On Nov 7, 2015, at 3:28 AM, David Mazieres <[email protected]> 
wrote:
> Wednesday, Tero brought up the prospect of middleboxes reordering
> back-to-back unknown options.  This would currently mess up the ENO
> transcript.  Obviously middleboxes can process and manipulate options
> they know about.  The question is whether anyone has knowledge of a
> middlebox that would flip the order of two, back-to-back, options of the
> same, unknown kind.  It's hard to see a rationale for such behavior.
> Then again, rationality is not the best predictor middlebox behavior.

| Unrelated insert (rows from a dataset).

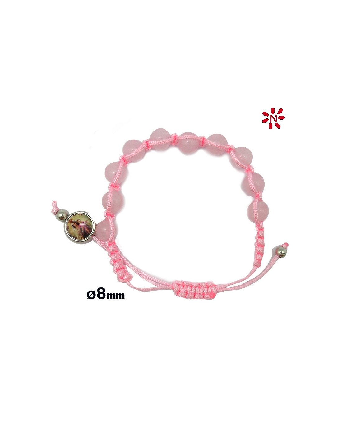 Pulsera Cuerda Y Piedra Cuarzo Rosa 8Mm
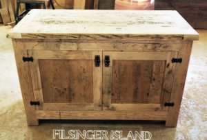 Description: Reclaimed Wood Island – Reclaimed Pine Construction – Premium epoxy/polyurethane finish – 2 doors / Internal Grainery Board Shelving – Lee Valley Hardware – Original barnwood live edges
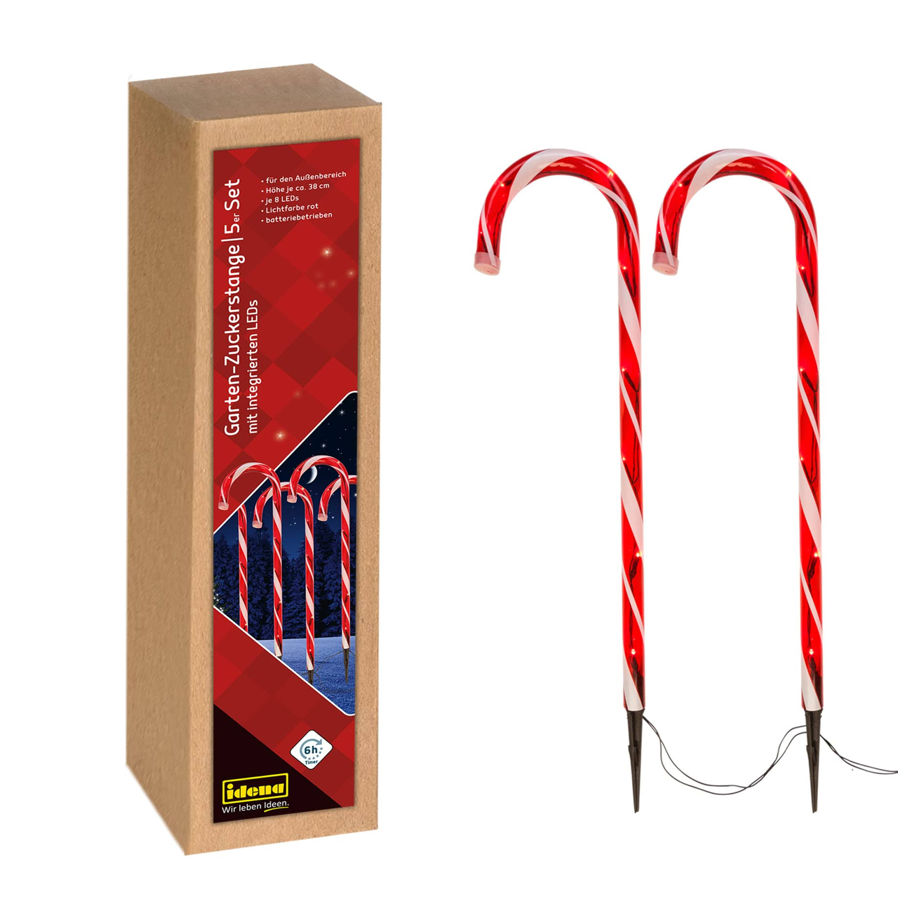 Idena 31348 LED Candy Canes with 40 LEDs in Red/White, 5 Light Sticks for The Garden, with Timer Function, Battery Operated, Includes Ground Spike,
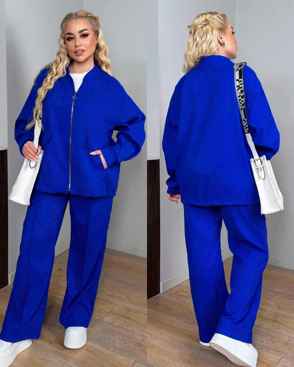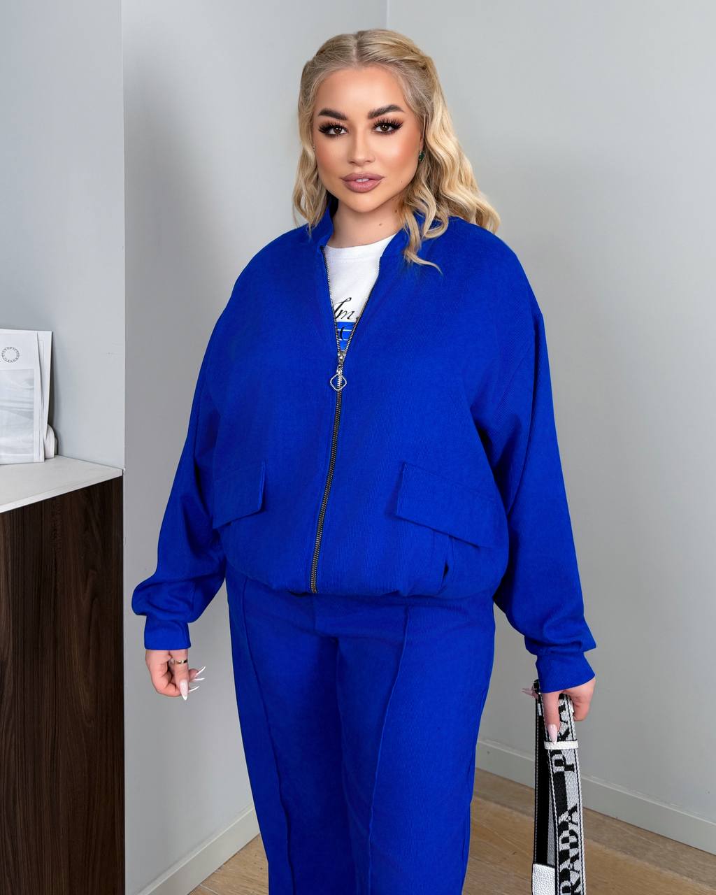 Стильный и комфортный костюм-тройка, состоящий из кофты на молнии, брюк и футболки. Легкая мягкая ткань приятна к телу и не ограничивает движения — идеальный вариант для ежедневного ношения.
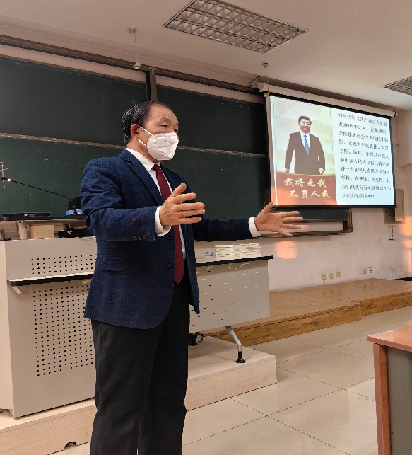 最后,李教授通过总书记对于教育的重要指示,明确要培养德智体美全面发展的社会主义建设者和接班人。第一,坚持办学正确政治方向。马克思主义是我们立党立国的根本指导思想,也是我国大学最鲜亮的底色。在世界人民心目中马克思至今依然是最伟大的思想家。要抓好马克思主义理论教育,深化学生对马克思主义历史必然性和科学真理性、理论意义和现实意义的认识,教育他们学会运用马克思主义立场观点方法观察世界、分析世界,真正搞懂面临的时代课题,深刻把握世界发展走向,认清中国和世界发展大势,让学生深刻感悟马克思主义真理力量,为学生成长成才打下科学思想基础。心怀“国之大者”,立大志、明大德、成大才、担大任。
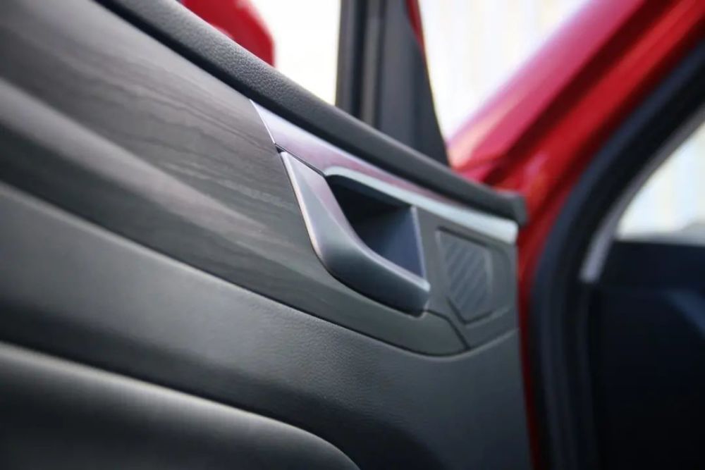 而除了座椅采用皮质材质外,在门板上、中控台表面也都大量运用了皮质材质,而细节上缝线的处理也进一步提升了整体内饰的质感。

> Hence, I'm wondering if anyone has any concrete data or knows of a box
> that would do this in practice.
> 
> Depending on the likelihood of such reordering, I see several ways to
> proceed.
> […]
> 5. Use bytes of the form binary 100xxxxx (that's general suboption and
>    reserved cs values, with v=1) as markers for a 1-32 byte suboption
>    (where the length of variable data is 1 + xxxxx).  This has the
>    advantage that you only need the byte if you have more than one
>    variable-length suboption, and the disadvantage that bytes 128-159
>    might have been useful for something else in the future.  Another
>    disadvantage, if we ever get large SYN options, is that all but the
>    biggest variable-length suboption is now limited to 32 bytes.

I guess one of the approaches I suggested in my last E-mail (before I had read 
yours) is basically equivalent to this, only with the pattern being 10xxxxxx 
(allowing for 1-64-byte sub options but consuming more primary sub-option 
space).  Some flavor of this approach would be my preference, but I don’t have 
a strong intuition for whether the 10xxxxxx or 100xxxxx pattern is better.

At any rate, to reiterate, having multiple TCP-ENO options floating around in 
one TCP header and expecting different implementations to do something sensibly 
consistent with them sounds terrifying, especially when the common - and thus 
only well-tested - case will almost certainly be only one option.